EXERCISE: Restate the data below word for word. Skip any images it contains.

(Stored entries)
+++

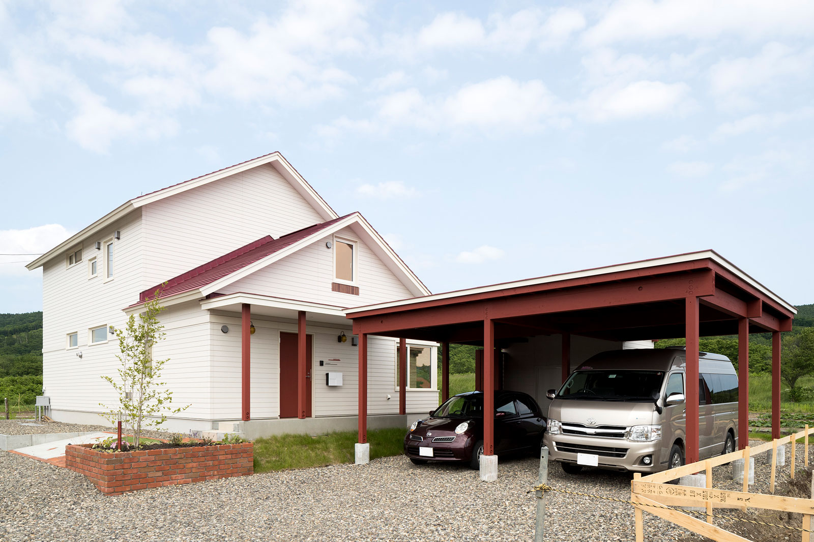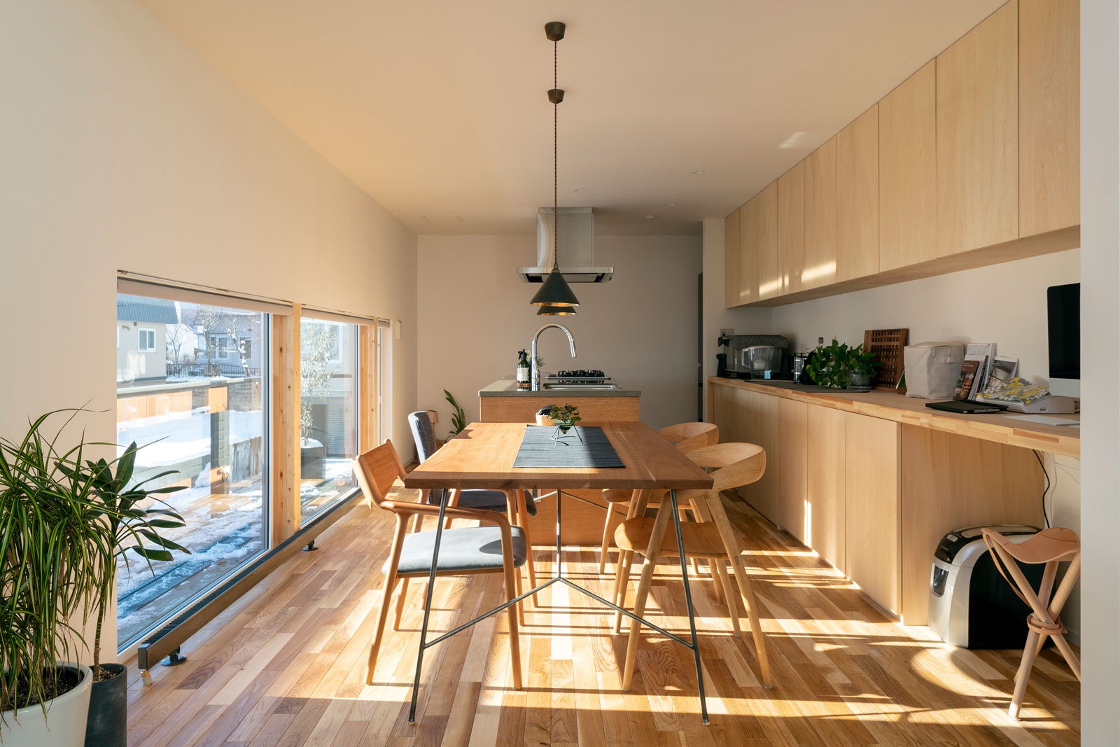 ユカンボシ川の河川沿いに建つ家。 普通の住宅街とは一風違ったロケーションの拡がる敷地。 そこに建つこの家には、この土地を購入したオーナーの意図が確かに反映されている。
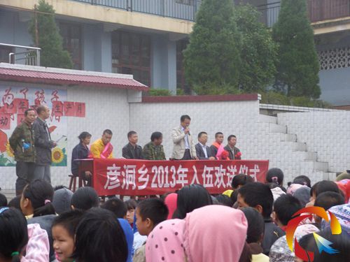 9月4日上午8點(diǎn),彥洞鄉(xiāng)在黃門民族中學(xué)舉行2013年度新兵入伍歡送儀式,鄉(xiāng)領(lǐng)導(dǎo)班子、入伍新兵、新兵家長、黃門村兩委成員、黃門村腰鼓隊(duì)及群眾到場歡送。
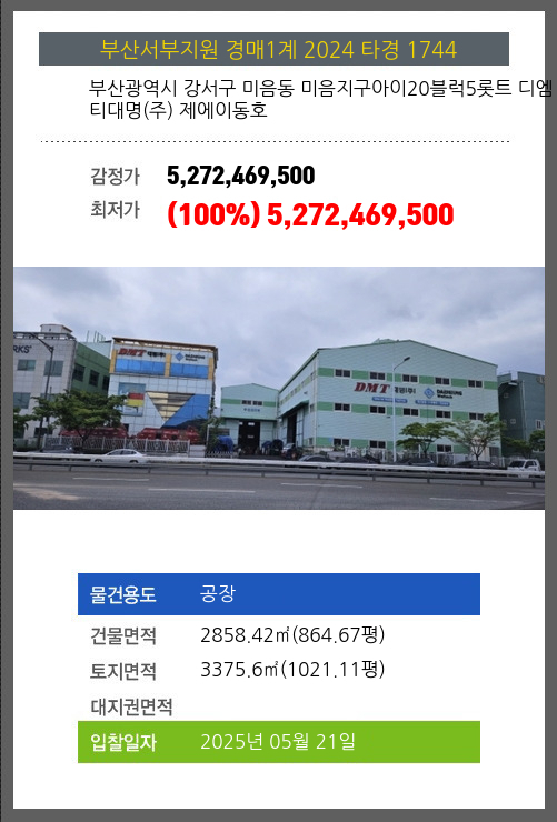 강서공장경매 강서구 미음동 미음지구아이20블럭5롯트 디엠티대명주 제에이동호 №2024 타경 1744
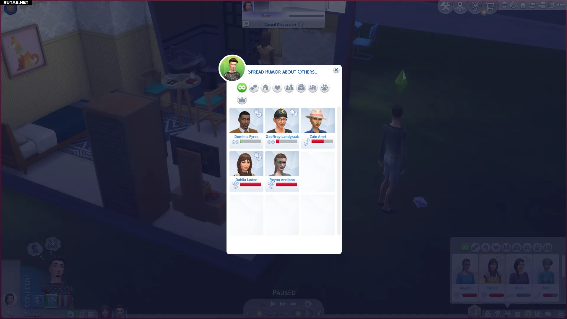 Чтобы распустить слух о враге, персонаж должен поговорить с тем, с кем у него хорошие отношения, и выбрать действие «Распускать слухи о других» в меню «Пакости → Обман».
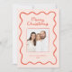 Whimsical Hand Drawn Wavy Border Christmas Photo Holiday Card
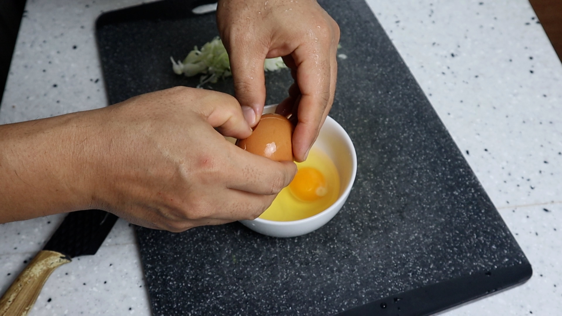 2. 계란 3알을 그릇에 까넣어주세요.
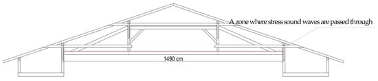 The approach used in this research for the in situ assessment of the structural performance of a timber structure is based on the standard allowable loads given according to the type and quality of wood (SRPS EN 1995-1-1) []. For modern truss wooden roof structures, the values defined by the Eurocode (EN 1991) [] were used, calculated based on the weight of the loadbearing element and all the wooden elements of the supporting assembly.

+++

REPLY:
 ユカンボシ川の河川沿いに建つ家。 普通の住宅街とは一風違ったロケーションの拡がる敷地。 そこに建つこの家には、この土地を購入したオーナーの意図が確かに反映されている。
 9月4日上午8點(diǎn),彥洞鄉(xiāng)在黃門民族中學(xué)舉行2013年度新兵入伍歡送儀式,鄉(xiāng)領(lǐng)導(dǎo)班子、入伍新兵、新兵家長、黃門村兩委成員、黃門村腰鼓隊(duì)及群眾到場歡送。
 강서공장경매 강서구 미음동 미음지구아이20블럭5롯트 디엠티대명주 제에이동호 №2024 타경 1744
 Чтобы распустить слух о враге, персонаж должен поговорить с тем, с кем у него хорошие отношения, и выбрать действие «Распускать слухи о других» в меню «Пакости → Обман».
 Whimsical Hand Drawn Wavy Border Christmas Photo Holiday Card
 2. 계란 3알을 그릇에 까넣어주세요.
 The approach used in this research for the in situ assessment of the structural performance of a timber structure is based on the standard allowable loads given according to the type and quality of wood (SRPS EN 1995-1-1) []. For modern truss wooden roof structures, the values defined by the Eurocode (EN 1991) [] were used, calculated based on the weight of the loadbearing element and all the wooden elements of the supporting assembly.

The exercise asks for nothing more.